She doesn’t seem to have much fear. She’s not put off by killing or finding dead bodies. She torments her foes by refusing to take any situation seriously, for example when she’s a prisoner being transported and she snaps a guard’s neck with her legs, then pretends like she doesn’t know why the other guards are mad about that.

Forced to work in a mine, she doesn’t seem upset, other than when she confides to a guard that she’s worried about missing Baywatch. It looks like they finally broke her when they have her wearing shorts and a straight jacket, sitting on a frosty metal grate in a freezer. But when Kesslee walks in she says, “It’s really hard for me to play with myself in this thing.”

Despite her tough exterior, there is evidence that she harbors a nostalgia for fantasies of a golden past. There’s the Cole Porter song, but also she treasures her photo of Doris Day and commissions Sam to make a wooden carving of her. While she’s in the tank having a missile fight with a giant semi-truck her TV is showing IT’S A PLEASURE, a 1945 musical comedy starring Olympic ice skater Sonja Henie. Compare this to the scene in FAHRENHEIT 9/11 (excerpted from the documentary SOUNDTRACK TO WAR) about tank crews in Baghdad listening to Drowning Pool’s “Let the Bodies Hit the Floor.”

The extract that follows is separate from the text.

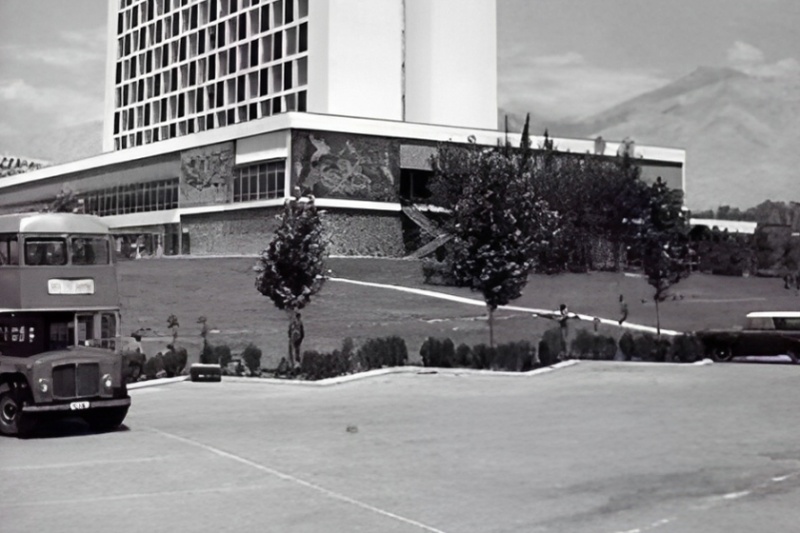 در این عکس تاریخی نمایی از هتل هیلتون تهران دیده میشود، همچنین یکی از اتوبوس دو طبقههای معروف شهر تهران نیز در این عکس حضور دارد.

Ann Cusack (NIGHTCRAWLER, SULLY) makes an appearance as Sub Girl, a crazy lady who tells Tank Girl where to find Sam. Courtney Love, who had once been a house guest of Talalay before she was famous, wanted the role, but couldn’t because of her husband’s suicide. Instead she’s credited as “Executive Music Coordinator Courtney Love-Cobain” for a soundtrack of ’90s alternative rock type groups including Hole, Bjork, Bush, Richard Hell & the Voidoids, Portishead, Sky Cries Mary, L7, Belly and Iggy Pop (who also has a cameo as a pedophile named Rat Face). The opening credits theme is Devo’s “Girl U Want,” which they re-recorded with singer Jula Bell because Talalay thought the theme needed to be sung by a woman. The songs give the movie an upbeat energy, and then there’s one montage where it slows down while she takes a very cathartic shower – fully clothed, and with sand instead of water. (Water is expensive.)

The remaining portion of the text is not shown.